What the Pages report in Search Console actually shows
Search Console's Pages report is the canonical view of which URLs on your site Google has discovered, crawled, and indexed — and the reasons URLs are not indexed. The report groups URLs by status, with each status row showing a count and a clickable link to inspect the affected URLs. The headline number is 'Indexed' vs 'Not indexed'; the diagnostic value is in the status groups under 'Not indexed', where each named status maps to a different root cause.
'Discovered - currently not indexed'
Google knows the URL exists (usually via your sitemap or an inbound link), but hasn't crawled it yet. The page is queued for crawling at Google's priority, which on a new or low-authority site can mean weeks or months of delay. Three causes on Squarespace: the site is too new, crawl budget for the domain is fully allocated, or the page is buried deep in the site structure with no internal links. Fix by building internal links to the page, requesting indexing via URL Inspection, and earning external links over time.

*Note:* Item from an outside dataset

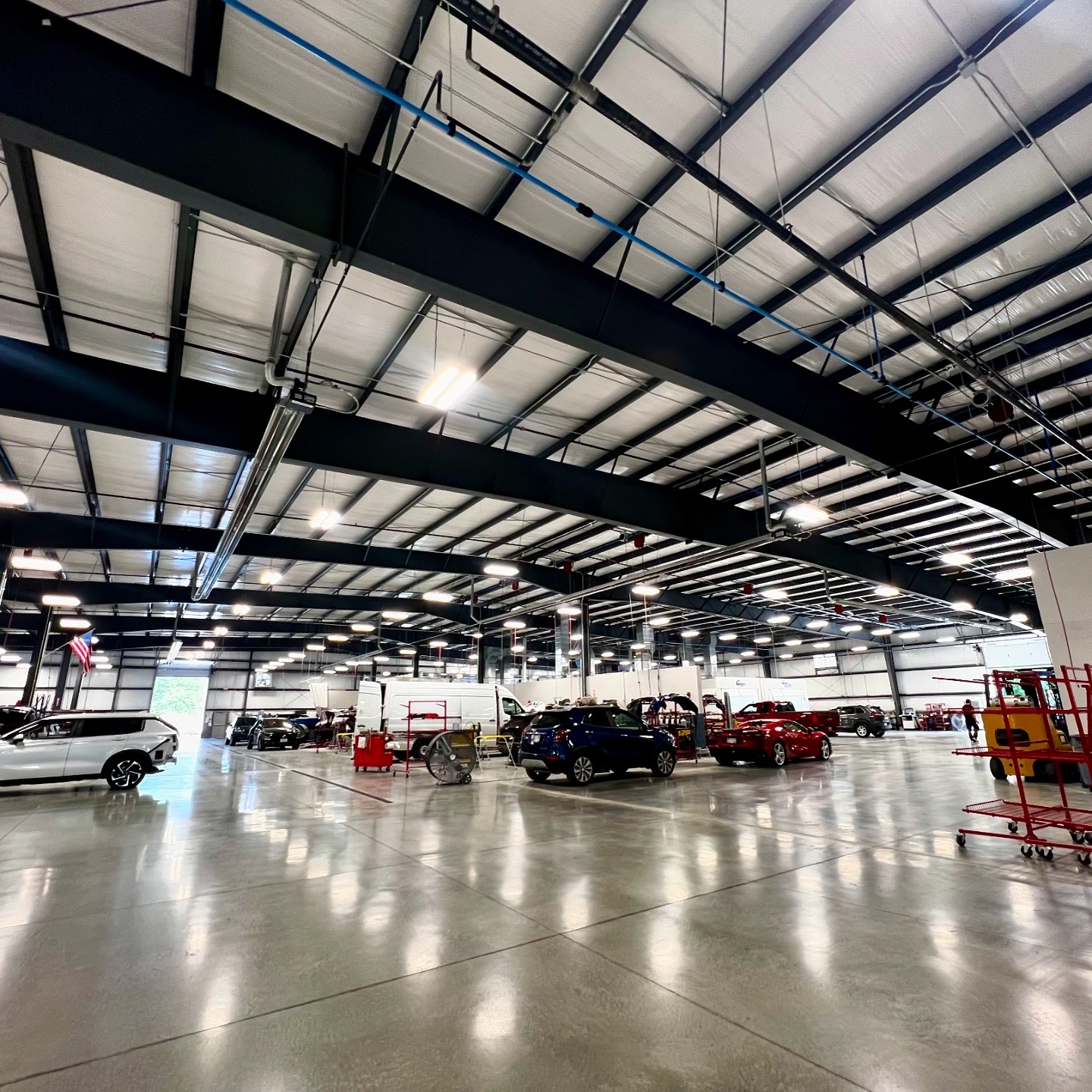 Brookpark Design Builders furnished and installed the Pre-Engineered Metal Building system for this state of the art collision center in Berea Ohio. The most unique feature of this project are the 200′ clear span frames required for specific areas of operation on the building’s interior. Building overall size is approximately 50,000 sq ft.
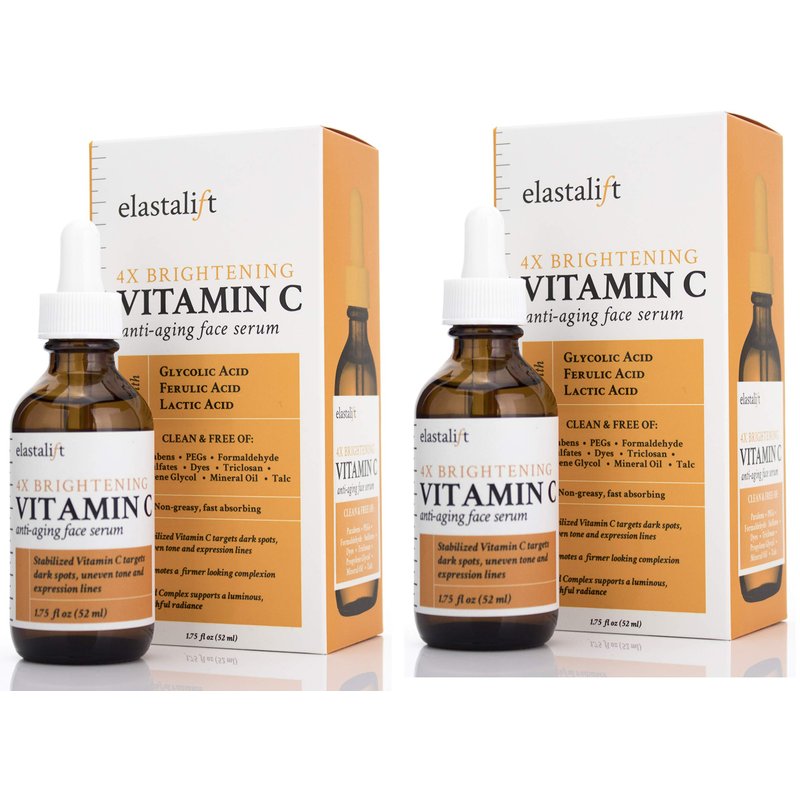 Elastalift Vitamin C Facial Serum For Age Spots, Wrinkles, & Expression Lines. Anti-Aging Face Serum W/Vitamin C & Hyaluronic Acid Brightens Skin To Promote Healthier Skin Complexion (2-Pack)

'Crawled - currently not indexed'
Google crawled the page, parsed the content, and decided not to add it to the index. Two causes on Squarespace: (1) thin content that Google judged not useful enough to index, and (2) near-duplicate content that Google chose to index a different version of (the canonical leaf covers the duplicate case). The fix for the thin-content case is improving content — more depth, original analysis, structured data. The fix for the duplicate case is auditing internal links and canonical signals to point Google at the version you prefer.
Soft 404 errors
A soft 404 is a page that returns 200 OK at the HTTP level but reads as 'not found' to Google's content classifiers. The most common Squarespace cause: the platform's default 404 page returns 200 instead of 404 in some configurations. Custom 'page not found' pages built without the proper HTTP status code can produce this. The fix is usually template-level — either configure the 404 page correctly, or ensure pages that exist actually have content (a published page with one line of text can trigger soft 404).
Server errors (5xx) on Squarespace
A server error means Squarespace returned a 500-class HTTP status when Google tried to crawl the page. On a hosted platform like Squarespace, 5xx errors are almost always transient — the platform was briefly unreachable or the specific page hit an internal error. The fix: usually nothing on your end. Re-crawl typically succeeds within hours. If 5xx persists, contact Squarespace support — the platform is responsible for serving pages correctly, and persistent 5xx is a platform incident.
'Duplicate, Google chose different canonical' on Squarespace
This status means Google found multiple URLs serving similar content and consolidated them into a single canonical — and chose a different URL than the one you declared as canonical. Two common Squarespace causes: trailing-slash vs no-trailing-slash duplicates (the platform serves both, Google sometimes picks the 'wrong' one), and pages where the Site Description fallback caused near-identical content across multiple pages. The fix is consistent internal linking to the preferred URL and improving content uniqueness.
The diagnose flow, in order
Work through the Pages report top-down by URL count. If 'Discovered - not indexed' has 50 URLs and 'Crawled - not indexed' has 3, fix the bigger category first — the impact is proportional to the URL count. For each status, click into the URL list, sample 3-5 URLs, run URL Inspection on each, identify the common cause. Apply the fix to that cause across all affected URLs. Validate the fix in Search Console. Wait 1-3 weeks. Re-check.